Gastrointestinal symptoms

Not many studies have specifically looked at the effect of DBS on the gastrointestinal system (see Table 5). The first study to document evidence was conducted by Arai et al.70 who studied 16 PD patients and measured gastric emptying by the excretion of CO2 in the 13C-acetate breath test.70 They reported improvement of gastric emptying after turning DBS on and speculated on a modulatory role of the dysfunctional vagal neural control in PD. The study by Dafsari et al.23 supports the above-mentioned findings of improved gastrointestinal emptying after STN DBS.23 Another study by Zibetti et al.71 reported the positive effects of STN DBS in improving salivation and constipation in a 1- and 3-year follow-up of 36 patients.71 There is therefore class III evidence suggesting some benefit in gastrointestinal symptoms after DBS. Future studies should take into account the complexity of underlying pathological mechanisms. For example, constipation may depend on a central component (mediated by neural loss and LTS in the dorsal motor nucleus of the vagus nerve and spinal cord) and a peripheral component (mediated by a rostral–caudal gastrointestinal gradient of LTS). Patients with more brainstem pathology, may obtain a benefit not seen in others.

Troche et al.72 reviewed nine studies that specifically addressed the effect of STN DBS on dysphagia and found no effect.72 However, in a recent manometric study in 16 PD patients, Derrey et al.73 found significant improvement in esophageal body contractions and enhancement of lower esophageal sphincter opening. Again, dysphagia in PD is a complex symptom that may be caused by alterations in the oral, pharyngeal, or esophageal phases of swallowing. On the basis of a small series of autopsy studies, dysphagia probably depends on LTS pathology of the pharyngeal nerves and localized muscle atrophy10 and thus one would not expect to see an effect by DBS.10 However, some patients may also show abnormal esophageal peristaltic movements, which could be modulated by DBS through the vagal nerve, but whether this translates into clinical benefit remains to be elucidated.74

Orthostatic hypotension

An early study in a small cohort indicated instant improvement of orthostatic hypotension after turning STN DBS on,75 but failed to report any change in cardiovascular control (see Table 5). These findings were supported by a more recent controlled study that reported improved orthostatic hypotension in PD patients after DBS.76 Another controlled study including 28 PD patients proposed that the vagal component of the arterial-cardiac baroreflex improved postoperatively.77 Dafsari et al.23 suggested that STN DBS may have a long-term effect on cardiovascular symptoms, and opine that further studies are needed.23

Hyperhidrosis

There have been contradictory outcomes on the effect of STN DBS on sweating function, where some studies show positive results and others fail to observe differences (see Table 5).
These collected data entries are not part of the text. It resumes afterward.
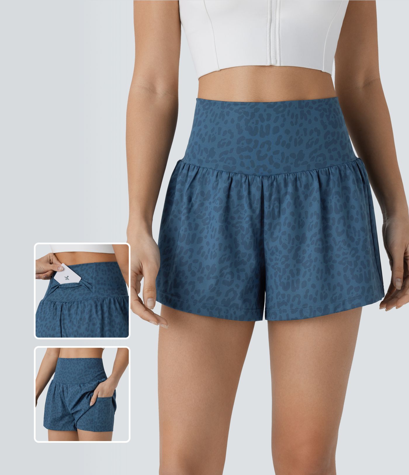 Shorts de yoga 2-en-1 à imprimé léopard, très taille haute, poches & poches
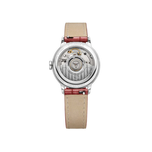 Baume & Mercier women’s watch, Classima collection with 31mm diameter case. in Steel and Red Leather strap. Water resistant up to 5 Bar.
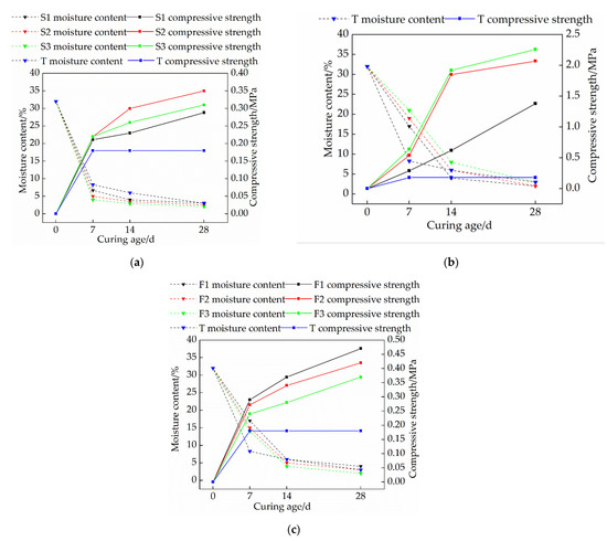 The relationship between the compressive strength and moisture content of each group and the curing age: (a) Single mixed quicklime group; (b) Mono-doped sodium methyl silicate group; (c) Compounding group.

Wolz et al.24 found no change after immediate stimulation;24 whereas Dafsari et al.23 found significant improvement in hyperhidrosis at 6-month follow-up.23 In another 6-month study including 19 patients, Trachani et al.17 indicated that there was subjective improvement in sweating, however, no objective reduction in hyperhidrosis was demonstrated.17 These studies were limited by the small number of included subjects, and offer class III evidence that DBS probably does not worsen sweating spells. Contradictory results can partially be explained by differences in baseline characteristics (e.g., sweating spells clearly related with dyskinesias, off periods, or nighttime akinesia may benefit from DBS due to motor improvement), measuring tools (there is no validated tool that takes into account sweating fluctuations, subjective perception, and objective findings) and postsurgical medication changes.

Olfaction

Although odor detection78 and identification79 seems to not be influenced by DBS, odor discrimination seems to be improved as a result of DBS,78 possibly owing to improved cognitive odor information processing.80 In a recent open-label, prospective study including 60 patients with PD, patients experienced a subjective improvement of the ability to smell and taste.23

DBS effect on body weight

Generally, patients with PD lose weight gradually as the disease progresses.81 The effect of DBS on body weight is still a matter under discussion; however, in recent years, many observational studies (see Table 6) have reported that patients gain weight after surgery and this may adversely affect their metabolic status.82 In a retrospective review including 182 patients with a range of movement disorders and DBS targets, Strowd et al.83 described a mean weight gain of about 1 kg per year for 2 years following surgery.83 In a recent retrospective case–control study, this same group reported a mean weight gain of 2.9 kg in the STN DBS group, significantly more than in the control group on BMT, with mean loss of 1.8 kg.84 An early prospective study showed a 4.7 kg. increase in PD patients after surgery at 1-year follow-up.85 Other groups have reported weight gain ranging from 4.3 to 14 kg.86 One study explored this weight gain by gender and found that men gained lean body mass, whereas women gained weight at the expense of fat, but mean weight gain was similar.87 Another study evaluated the difference between STN DBS patients and BMT, showing greater weight gain in the surgical group.88 There are different hypotheses attempting to explain postsurgical weight gain, relating it to dopaminergic therapy modifications, increased food intake related to changes in the hypothalamus,89 decreased energy expenditure by better control of dyskinesias,90 and improvement of motor symptoms.85 In summary, there is Class III evidence suggesting that PD patients gain weight after STN DBS.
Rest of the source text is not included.